> _WHAT IS BEING ASKED_
From the line containing "Buses with members" to the final line of the material below, return every line exactly. Do not include pictures.

> _DATASET CONTENT_
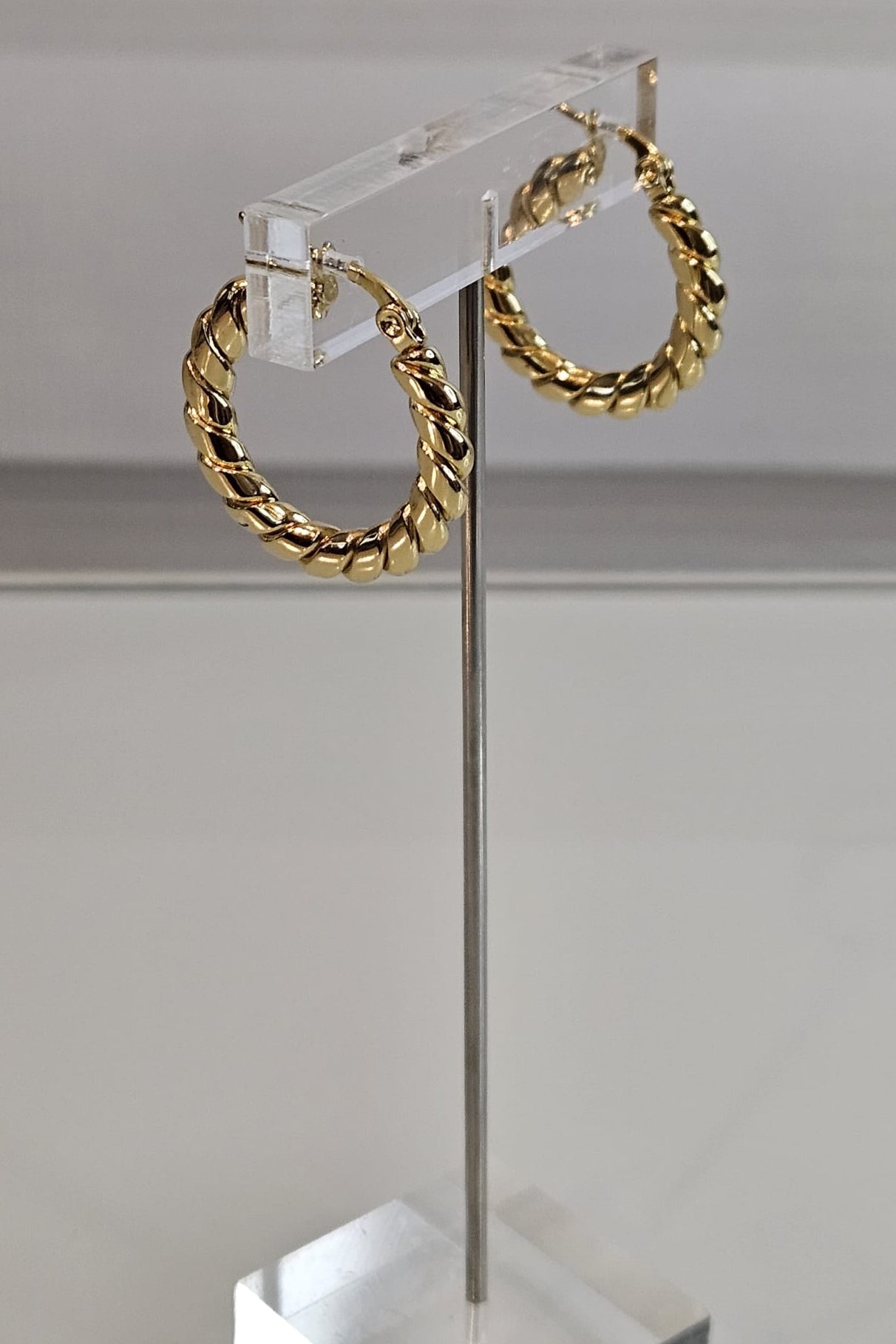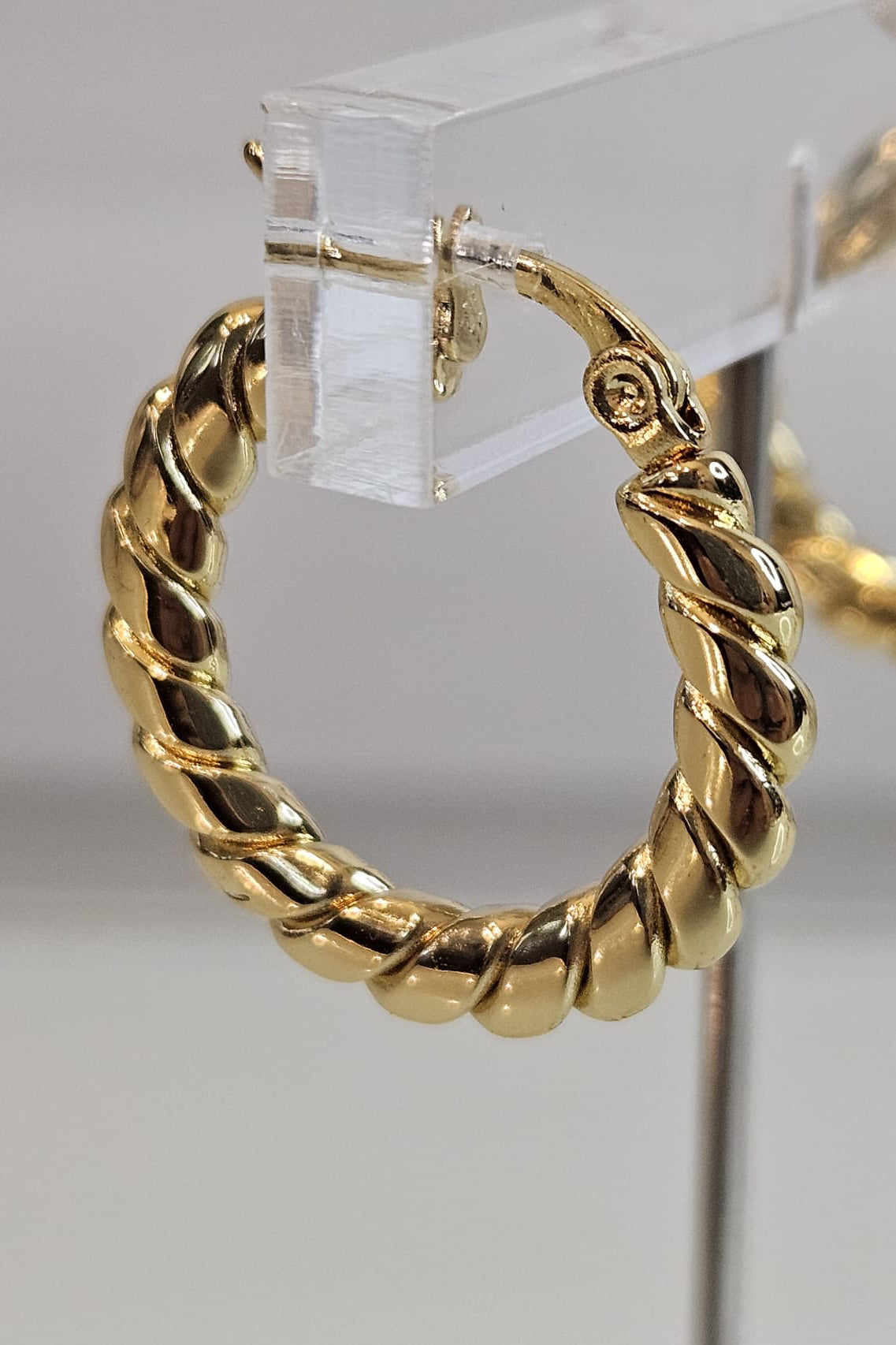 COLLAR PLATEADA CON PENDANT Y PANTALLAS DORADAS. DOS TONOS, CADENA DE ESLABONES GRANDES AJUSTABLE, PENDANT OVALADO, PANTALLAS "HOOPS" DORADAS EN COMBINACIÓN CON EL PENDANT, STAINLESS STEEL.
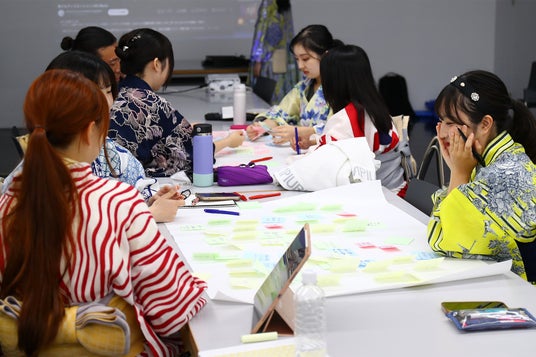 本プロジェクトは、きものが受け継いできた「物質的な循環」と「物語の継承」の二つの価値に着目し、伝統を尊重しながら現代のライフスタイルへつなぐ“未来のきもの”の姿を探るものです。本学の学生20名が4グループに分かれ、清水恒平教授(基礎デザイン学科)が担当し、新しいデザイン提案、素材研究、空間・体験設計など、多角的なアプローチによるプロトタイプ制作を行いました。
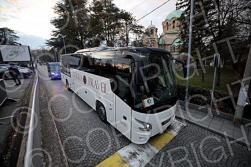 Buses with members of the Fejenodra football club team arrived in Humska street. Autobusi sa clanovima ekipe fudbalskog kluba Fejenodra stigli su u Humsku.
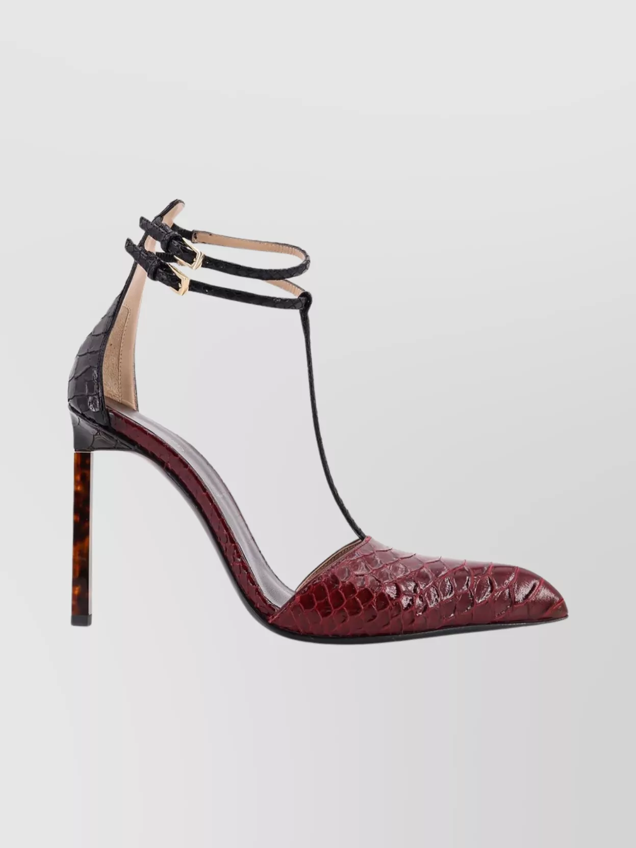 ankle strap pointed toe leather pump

> _REPLY_
 Buses with members of the Fejenodra football club team arrived in Humska street. Autobusi sa clanovima ekipe fudbalskog kluba Fejenodra stigli su u Humsku.
 ankle strap pointed toe leather pump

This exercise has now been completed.